Concepedia

TLDR

High‑resolution global climate modeling can simultaneously capture planetary‑scale modes and small‑scale regional or extreme features and their interactions. The paper presents a new state‑of‑the‑art high‑resolution Community Earth System Model simulation designed to achieve these capabilities. The simulation used a 0.25° atmospheric grid and 0.1° ocean grid over 100 present‑day years, with single‑component and standard‑resolution coupled runs for comparison, and ran on 23,404 cores costing 250 k processor‑hours per simulated year, producing about two simulated years per day on Yellowstone. The high‑resolution run accurately reproduced equatorial Pacific SST and ENSO variability, reduced tropical and southern Atlantic SST bias, and resolved small‑scale features such as air‑sea interaction over frontal zones, mesoscale systems from the Rockies, and tropical cyclones.

Abstract

Abstract High‐resolution global climate modeling holds the promise of capturing planetary‐scale climate modes and small‐scale (regional and sometimes extreme) features simultaneously, including their mutual interaction. This paper discusses a new state‐of‐the‐art high‐resolution Community Earth System Model (CESM) simulation that was performed with these goals in mind. The atmospheric component was at 0.25° grid spacing, and ocean component at 0.1°. One hundred years of “present‐day” simulation were completed.
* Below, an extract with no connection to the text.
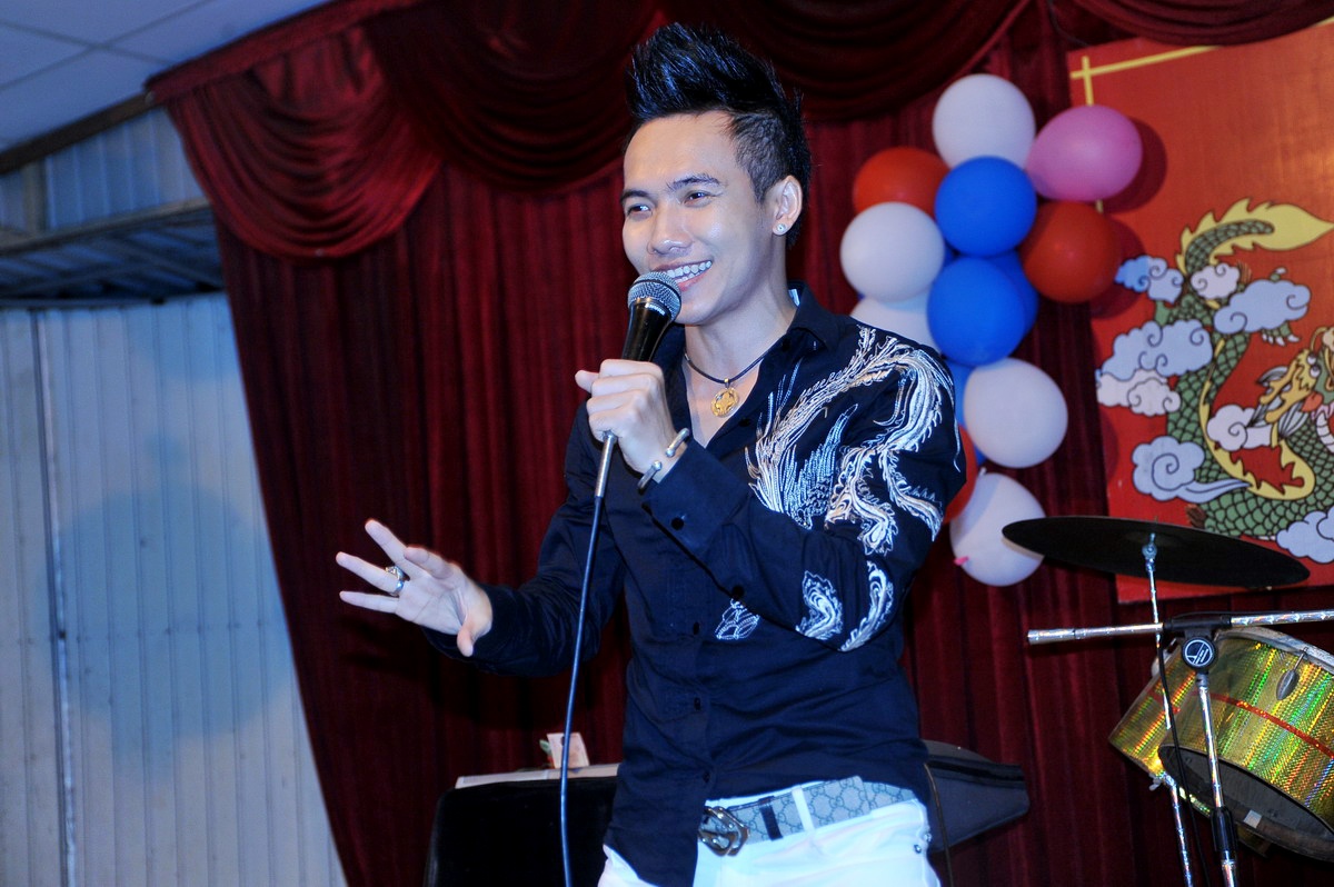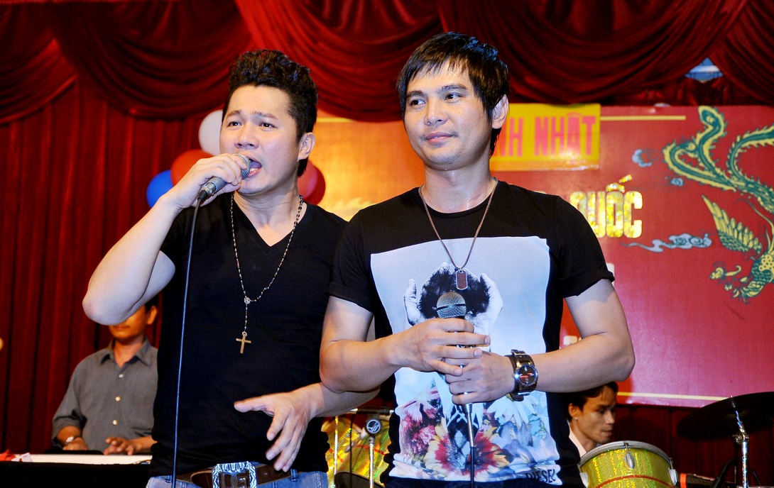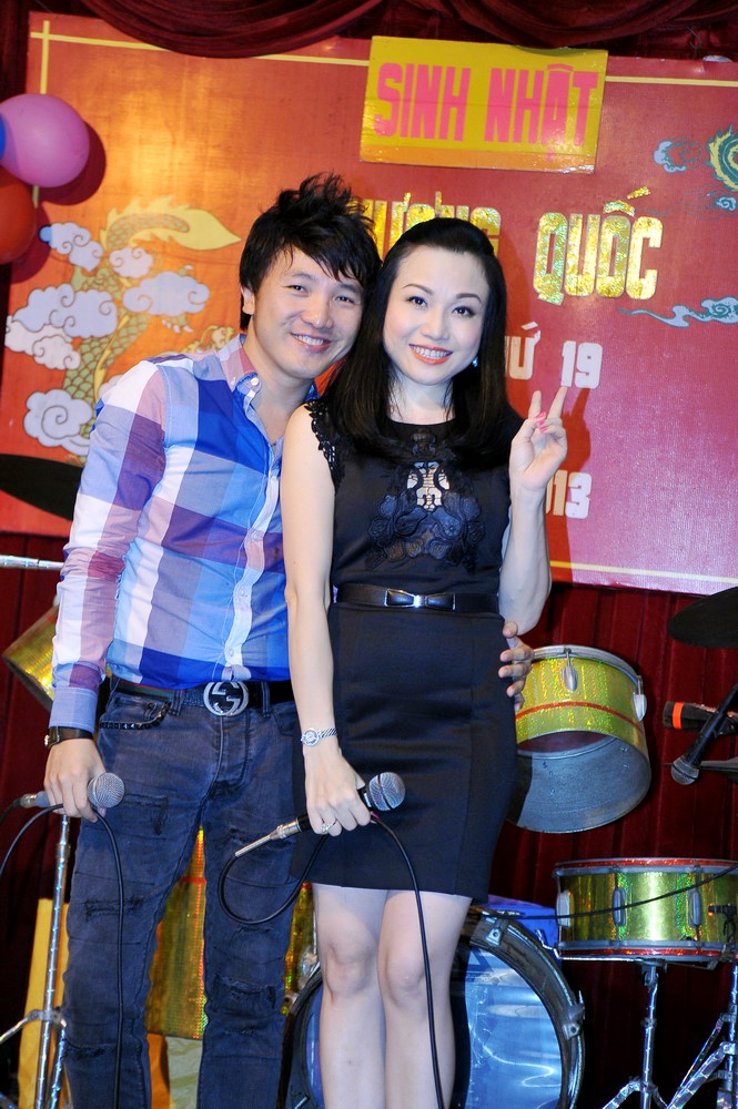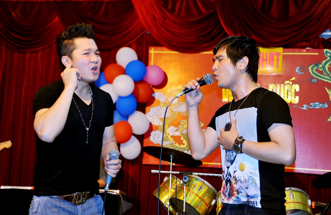 | Cả hai thể hiện ca khúc trữ tình gửi tặng chủ nhân của buổi tiệc sinh nhật và đồng nghiệp. |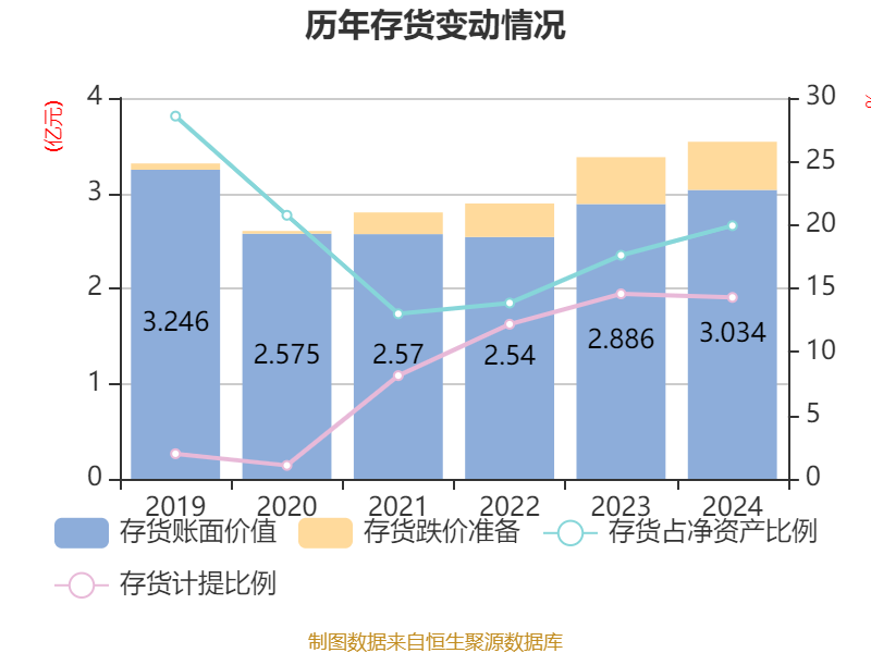 从存货变动来看,截至2024年末,公司存货账面价值为3.03亿元,占净资产的19.94%,较上年末增加1479.76万元。其中,存货跌价准备为5055.71万元,计提比例为14.29%。

Major results were that annual mean sea surface temperature (SST) in the equatorial Pacific and El‐Niño Southern Oscillation variability were well simulated compared to standard resolution models. Tropical and southern Atlantic SST also had much reduced bias compared to previous versions of the model. In addition, the high resolution of the model enabled small‐scale features of the climate system to be represented, such as air‐sea interaction over ocean frontal zones, mesoscale systems generated by the Rockies, and Tropical Cyclones. Associated single component runs and standard resolution coupled runs are used to help attribute the strengths and weaknesses of the fully coupled run. The high‐resolution run employed 23,404 cores, costing 250 thousand processor‐hours per simulated year and made about two simulated years per day on the NCAR‐Wyoming supercomputer “Yellowstone.”